1 2019年4月施行に向け、労働基準法改正の議論が進められようとしています。労働時間の上限規制がもっとも注目されていますが、現実的に大きな影響が予想されるのが年次有給休暇の取得義務化です。こちらは年10日以上年次有給休暇を付与される労働者について、年5日以上の年次有給休暇を取得させなければならないというもの。

 年次有給休暇の取得については、ほぼすべて取得する社員と、年に数日、病欠の際に取得する社員に二極化していることが通常です。今後はこのうち後者の社員について、円滑に一定日数の年次有給休暇を取得させることが求められることになります。一般的には労使協定を締結し、計画的付与を行うといった対応が議論されますが、この制度は普通に年次有給休暇を取得している社員からは非常に不評であり、また設定によっては労働条件の不利益変更になることもあります。また不利益変更を避けようとすると、稼働日数が減少することになり、業績への影響も懸念されます。

 そこで最近おススメしているのが半日年休の取得促進です。2017年2月24日よりスタートしたプレミアムフライデーはいまひとつ、普及せずに早くも苦境に立たされていますが、この制度が始まった頃、現実にはどのような形で運用されているのかを調べました。そこで分かったのは、プレミアムフライデー導入企業の多くは半日年休の取得促進という形で運用をしているということです。これが良いヒントになりました。
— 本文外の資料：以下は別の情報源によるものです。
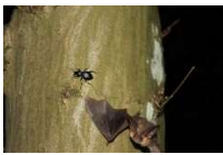
Braune Langohrfledermaus, Foto: © Naturpark/Markus Utesch

Als Ausrüstung wird eine Taschenlampe empfohlen. Der Treffpunkt wird bei der Anmeldung bekanntgegeben. Die Teilnahme an der Veranstaltung ist kostenlos. Die Teilnehmerzahl ist aufgrund der Corona-Vorschriften begrenzt. Eine verbindliche Anmeldung ist bei der Naturpark-Geschäftsstelle in Hermeskeil, Telefon 06503/9214-0, erforderlich.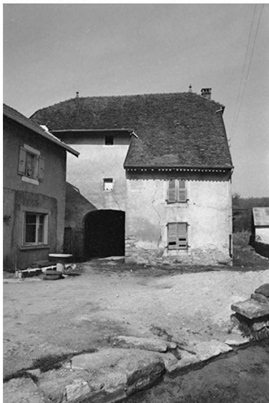
Maison cadastrée 1964 AB 106 : façade antérieure. 39, Blois-sur-Seille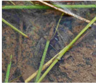
↑ふだんは田んぼや湿地にいます。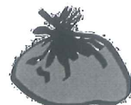
Dans les ordures ménagères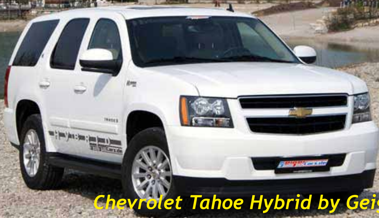
Chevrolet Tahoe Hybrid by Geiger

General Motors offre maintenant la synergie parfaite de l'espace, de la puissance des huit cylindres et de l'économie. Mais pourquoi se satisfaire de cela si nous pouvons être plus économiques et écologiques ? GeigerCars.de offre maintenant le Tahoe hybride même avec un système LPG.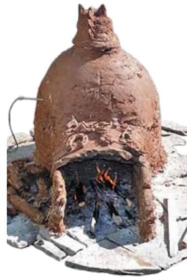
Εἰκ. 3. Σύγχρονα πήλινα βασκάνια ἐπάνω στὴν εἰσόδο τροφοδοσίας ἐνὸς πειραματικοῦ κεραμικοῦ κλιβάνου (Ἀρχεῖο ΑΜΘ).

Οἱ δυσκολίες τῆς χειρωνακτικῆς ἐργασίας, ὁ φόβος γιὰ τὴν κακοδαίμονία καὶ τὸ «κακό μάτι» καὶ, ἴσως πᾶν ἀπὸ ὅλα, ἡ δυσκολία τῆς ἀναμέτρησης με τὴ φωτιά δὲν χαρακτηρίζουν μόνον τὴν ἀρχαιότητα. Σὲ παραδοσιακά καμίνια τῶν νεότερων χρόνων βλέπουμε πολὺ συχνὰ χριστιανικοὺς σταυροὺς ζωγραφισμένους πᾶν ὡς τοιχώματα ἢ ἀναρτημένους κοντὰ στὴν εἰσόδο 9 . Ἐναν τέτοιο σταυρὸ σχεδίασε με τὸ δάχτυλό του ἐπάνω στὸν υγρὸ ἀκόμη πηλὸ ἐνὸς πειραματικοῦ κλιβάνου κεραμικῆς, που κατασκευάσαμε τὸ 2010 στὸ Ἀρχαιολογικὸ Μουσεῖο Θεσσαλονίκης, ὁ παλαιὸς παραδοσιακὸς κεραμίστας Σίμος Βαρδαξῆς, με καταγωγή ἀπὸ τὴν Κιουτάχεια τῆς Μικρᾶς Ἀσίας 10 . Καὶ κατόπιν, μαζί με τοὺς νεότερους συναδέλφους τοῦ κεραμίστα, ἐπλασαν καὶ τοποθέτησαν μικρὰ πήλινα βασκάνια ἐπάνω στὸν μπάτο τοῦ καμινού, ὅπως ἔκαναν καὶ οἱ ἀρχαῖοι ὁμότεχοί τους: ἕνα πέταλο γιὰ γούρι καὶ μερικὰ δὺςμορφα ἀνθρώπινα ὁμοιώματα καὶ μάσκες (εἰκ. 3).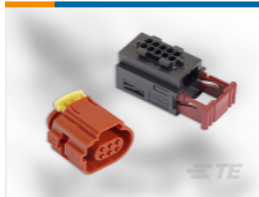
TE 产品编号1-967626-3 定时器，连接器壳体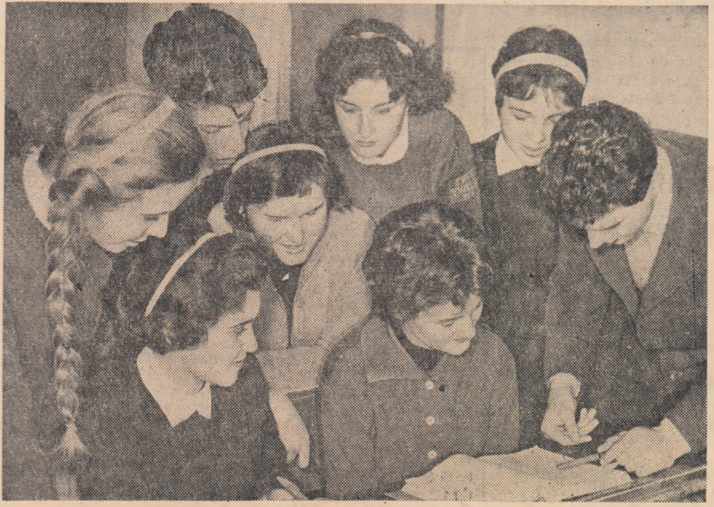
La pregătirea semenilor, în colectiv.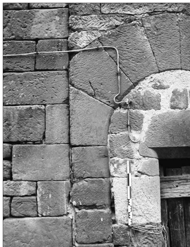
FIG. 4. MOURET (AVEYRON), maison du bourg castral, traces de broche et de taillant droit.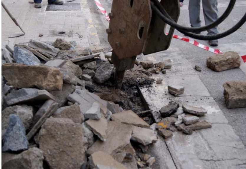
LÁM. 10. UE 1

UE 1: Nivel sedimentario compuesto por hormigón localizado bajo el pavimento que conforma el acerado y que le sirve de aglutinante al mismo.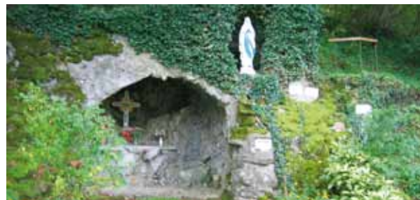
La grotte de Mignafans fut érigée en 1912

Le village possède deux belles fontaines, mais l'élément le plus marquant est sans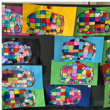
Scherr-Elefanten der Kl. 1B

Ab Schuljahr 21/22 werden im Quartier Oberstrass für die drei Primarschulen Scherr, Hutten und Weinberg/Turner neu schulübergreifende Vorbereitungskurse für die Gymiprüfungen für Gruppen von jeweils 10-12 Kindern angeboten (Deutsch & Mathematik). Die Kurse finden am Mittwochnachmittag statt, stehen allen Sechstklässler*innen der drei Oberstrass-Schulen, die sich auf die Aufnahmeprüfung ans Gymnasium vorbereiten möchten, offen, werden an den drei Schulen durchgeführt und sind gratis. Detaillierte Informationen (Kursinhalte, Teilnahmebedingungen, digitales Anmeldeverfahren) folgen noch vor den Sommerferien.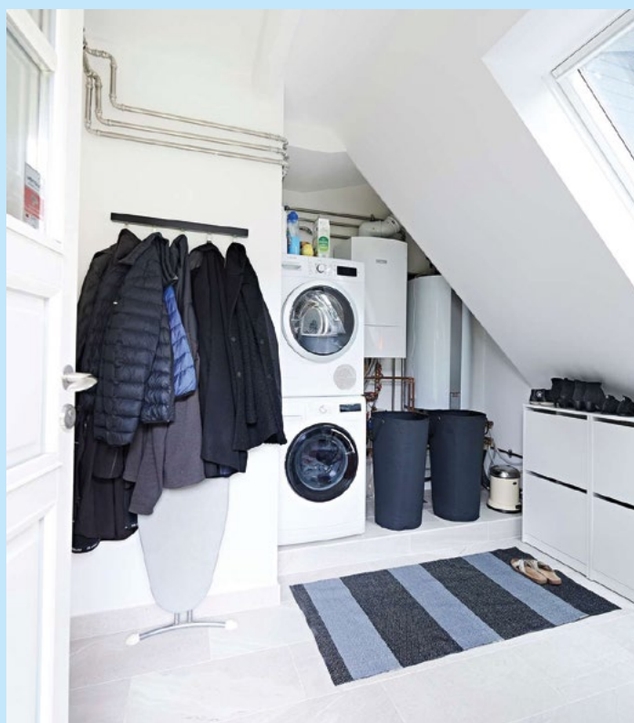
49.000 af Evidas kunder forventer at skifte til en anden opvarmingskilde inden for to år.

”Analysen giver vigtig viden om, hvad der driver gasforbrugernes valg, og hvad vi kan forvente de kommende år. Gassektoren, som ellers har udviklet sig stabilt over mange år, ser ind i markante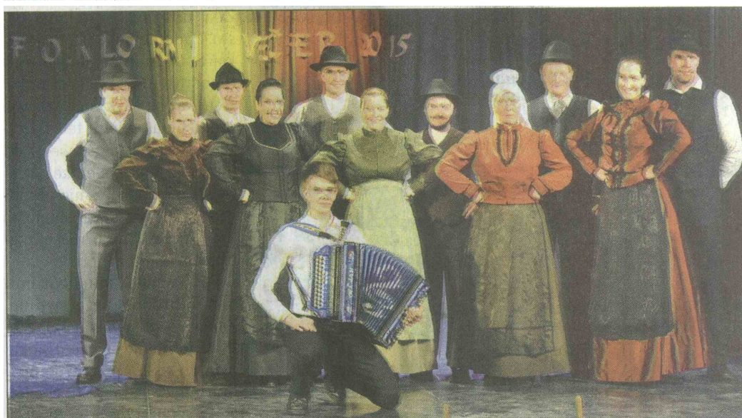
Mladi podeželani v novih folklornih oblačilih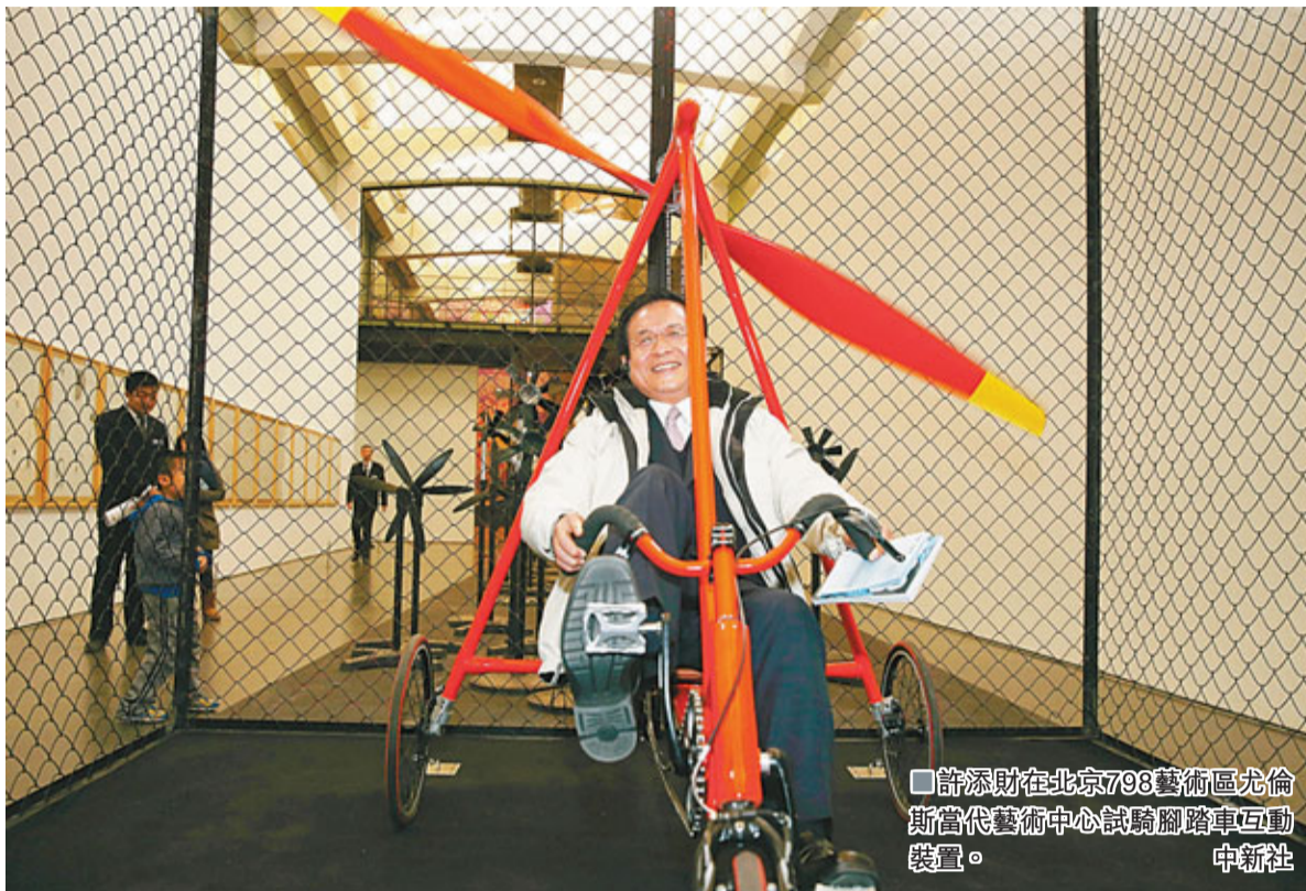
許添財在北京798藝術區尤倫斯當代藝術中心試騎腳踏車。

許添財說，政治人物要順應民意，要讓民意的認知、發展朝着健康的走向前進，不能墨守成規，讓台灣繼續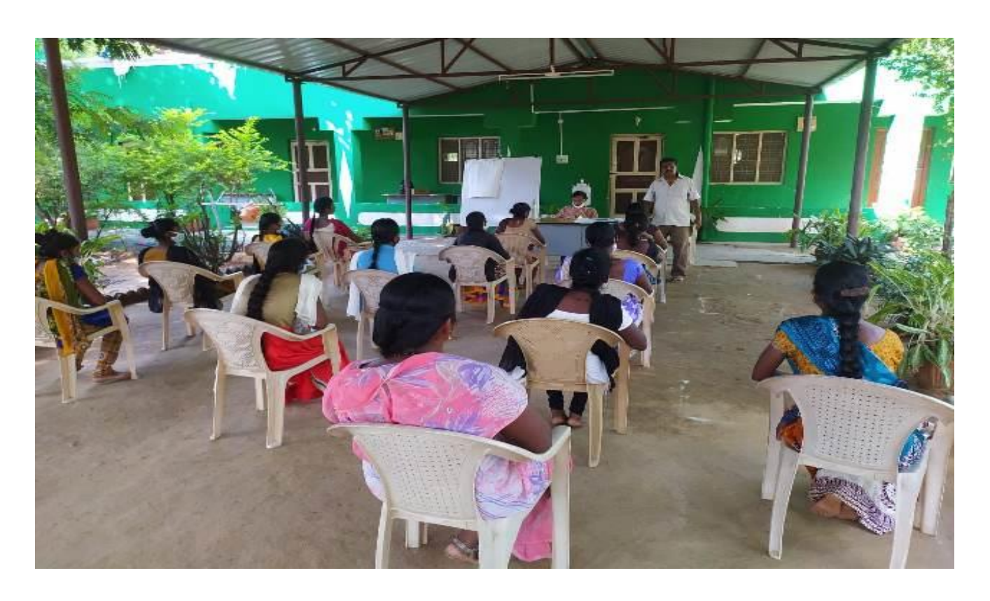
YOUTH TRAINING ON GRAMA PANCHAYAT DEVELOPMENT PLAN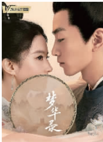
剧名中的「录」写错了吗？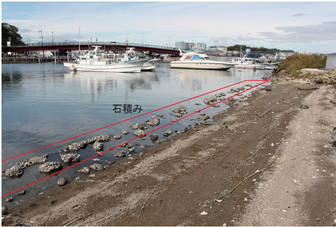
③ 2トレンチ付近 調査前状況（南東から）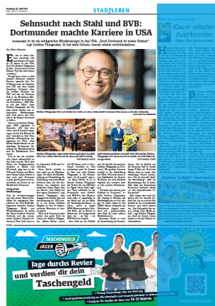
1/3 Seite hoch 2sp./450 mm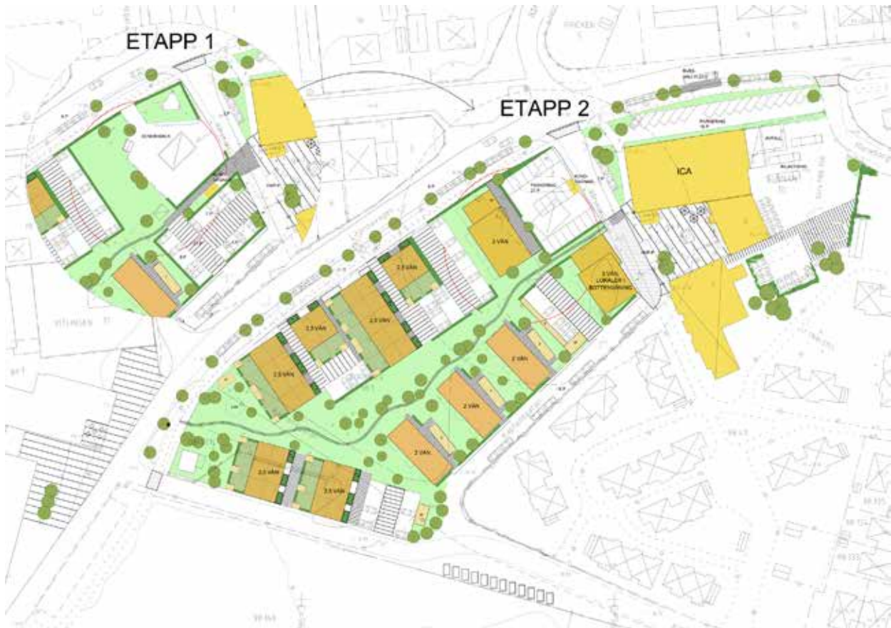
Illustration av planförslaget (Jais Arkitekter)

Byggnadernas placeringar är anpassade efter de funktioner som planområdet ska fylla. Befintliga förutsättningar utgörs av torget i öster och fabriken i väster och dessa båda noder ska bindas samman med ett centralt stråk. Bostadsbebyggelsen placeras utefter Litorinavägen, Båtsmansgatan och Kaptensgatan, med undantag av den befintliga infarten som tas bort. Istället kommer vägen söder om nätstationen öppnas upp och utgöra en ny infart för planområdet samt bakomliggande bebyggelse. I illustrationskartan nedan visas hur området kan utformas när det är färdigutbyggt. Cirkeln i hörnet (etapp 1) visar skillnaden i utformningen så länge macken finns kvar.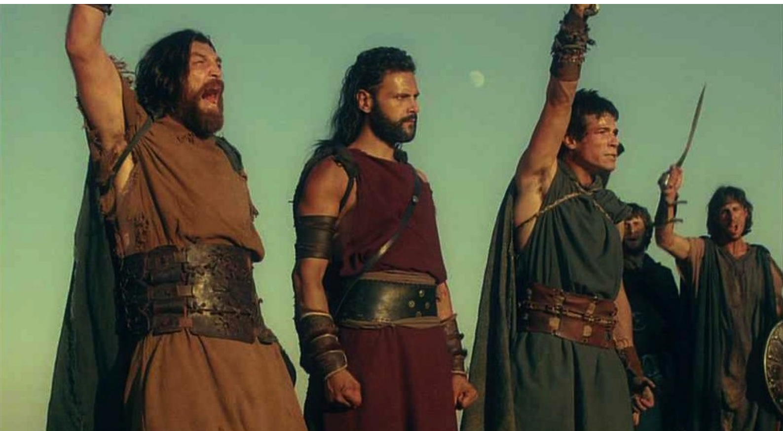
Hispania, la Leyenda : et les Ibères poussent des cris de victoire,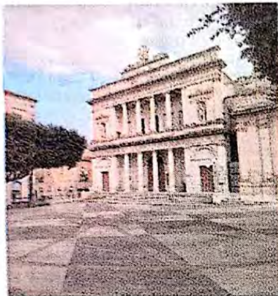
Piazza del Popolo

Tensione la notte scorsa nella piazza del Popolo. Mentre nel Chiostro della Madonna delle Grazie era in corso un concerto, un tunisino ubriaco dava sfogo a una singolare performance nella centralissima piazza lanciando bidoni della spazzatura all'indirizzo della gente. Comprensibile la paura dei presenti che assistevano alle intemperanze del nordafricano strafatto di alcol oltre il normale. Secondo le prime dichiarazioni rese da molti testimoni, inizialmente si era parlato di una megarissa ad opera di cittadini romeni ubriachi. I carabinieri, che sono intervenuti in piazza a seguito di segnalazione, non confermano la no-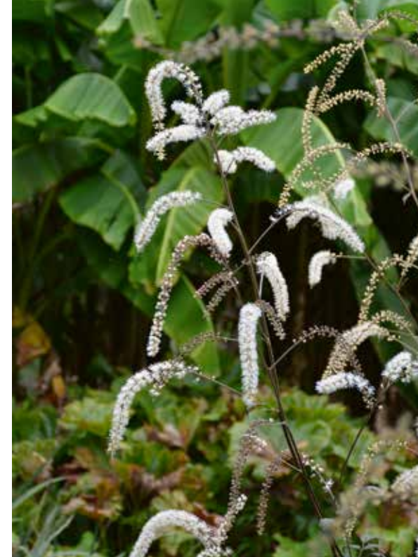
▲ Actaea racemosa 'Queen of Sheba'

De doorbraak voor de zilverkaars kwam met de bruinbladige cultivars van Actaea . 'Brunette' bijvoorbeeld heeft de weg gebaand voor veel meer bruinbladige cultivars, waarvan ik de 'Chocoholic' op zijn minst de leukste cultivarnaam vind hebben. Maar er zijn nog veel meer mooie zilverkaarsen, maar dan met groen blad. De witte vruchten van Actaea pachypoda zijn een feest in de herfsttuin. De elegante bloemen van de 'Queen of Sheba' die bijna manshoog kan worden en de vriendelijk roze bloemen van de 'Pink Spike' - er is genoeg om je over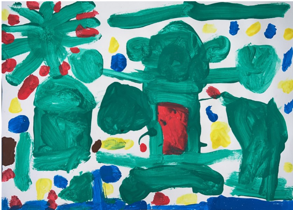
Slika 3: Rafael (4 godine i 11 mjeseci) "Ljudi koji idu u rat"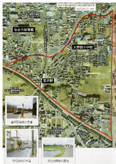
整理前の状況(平成6年1月)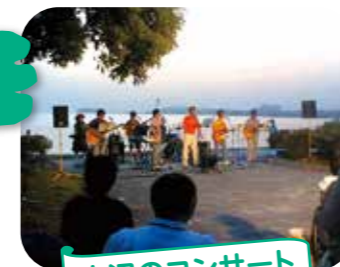
水辺のコンサート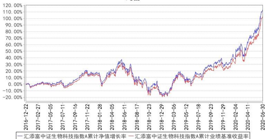
汇添富中证生物科技指数A累计净值增长率与同期业绩比较基准收益率的历史走势图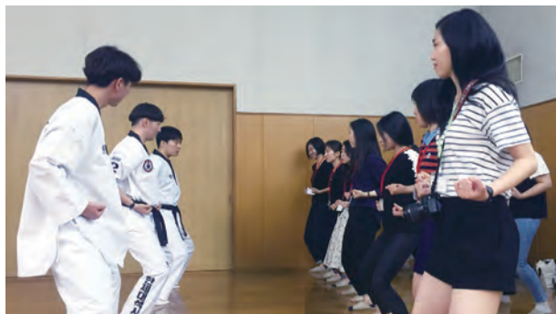
韓国青年からテコンドーの型を教わる（日韓文化体験祭り）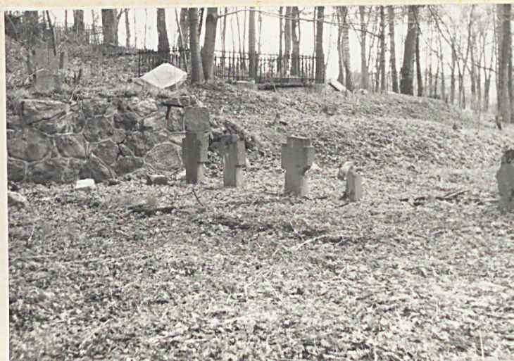
× Krzyże nagr.w pld.części kw.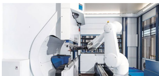
Célula de dobra inovadora de alta velocidade: A TruBend Cell 7000 é um sistema compacto que pode ser usado para dobrar peças pequenas de

José Júlio Jordão fundou a empresa em 1982 em Guimarães, norte de Portugal. Tudo começou com 22 funcionários. A força de trabalho aumentou mais de dez vezes, para 250 funcionários. A Jordão é hoje um dos principais fabricantes europeus de balcões refrigerados personalizados e padrão para as indústrias de varejo alimentício e hotelaria e tem clientes bem conhecidos em todo o mundo, o último faturamento foi de 21,5 milhões de euros.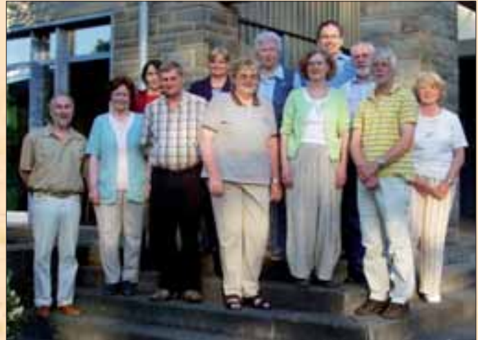
Mitglieder des Senioren- und Behindertenbeirats

Der Senioren- und Behindertenbeirat wirkt u. a. bei der Planung und Gestaltung von kulturellen, sportlichen und geselligen Veranstaltungen für die älteren Bürger/innen mit.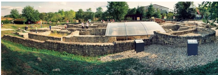
Slika 7. Ostaci rimskog grada, Šćitarjevo

Proljeće u Andautoniji poznatije kao Dani Andaunije je manifestacija koja se održava zadnji vikend u travnju. Posjetitelji se mogu upoznati s rimskom tradicijom i sudjelovati u brojnim radionicama (odjevanje u rimsku odjeću, kušanje rimske hrane, rimske igre). (Turistička zajednica grada Velike Gorice, Kulturna baština Turopolja , 2009).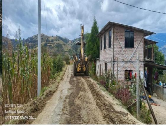
2025/08/12 13:04 San Miguel, Ecuador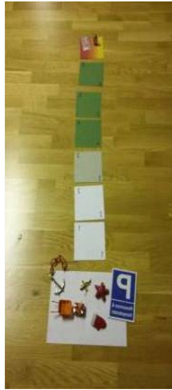
Плануване на пътека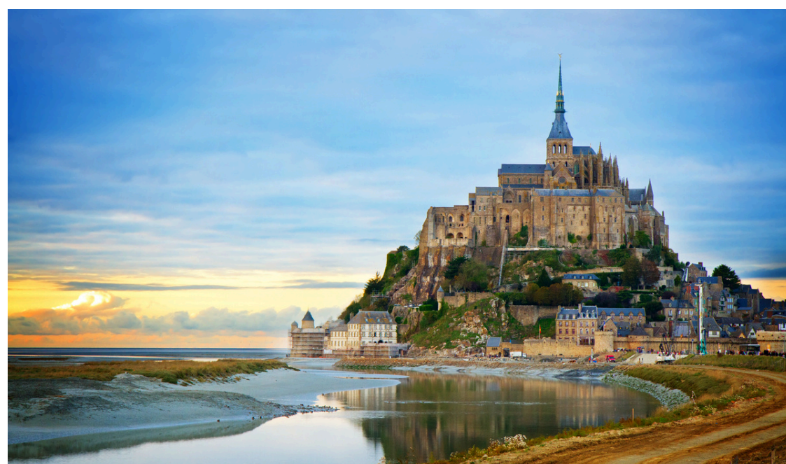
Le Mont St Michel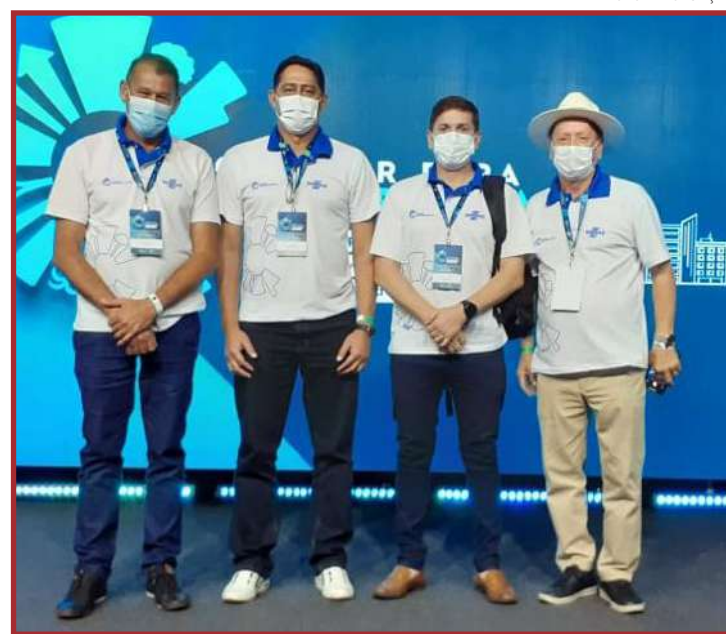
Comitiva esteve no Mato Grosso do Sul para evento do Sebrae

O Plano de Desenvolvimento Econômico, feito em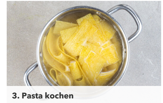
3. Pasta kochen

Die Walnüsse in einer großen Pfanne ohne Zugabe von Fett bei mittlerer Hitze 2-3Min. anrösten. Anschließend in einem hohen Gefäß mit 2 Handvoll Spinat , der ½ des Knoblauchs , dem Käse , der ½ des Trüffelöls , 4EL Wasser und ½TL Salz zu einem cremigen Pesto pürieren. Die Pfanne aufbewahren.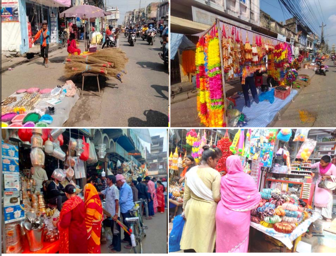
मङ्गलवार र बुधवार धनतेरस परेकोले वीरगंजमा बेज राखिएको सजावट तथा पूजा सामग्रीहरू।

 プレミアムフライデーは毎月の最終金曜日に固定されていますので非常に利用しにくいですが、例えば、月に1回、半日年休の取得を促進するというのはいかがでしょうか?なかなか年次有給休暇を取得しない管理職であっても、半日であればそれほど抵抗感はないでしょうし、意外に半日年休は休んだ感があります。また半日であれば業務に与える影響も少ないでしょう。もし毎月1回、半日年休を取得するとすれば、年間で12回、年次有給休暇6日分に相当し、改正労働基準法の規制もクリアできます。

 アイデアベースではありますが、今後の働き方改革ではこうしたアイデアを多く出していくことも重要でしょう。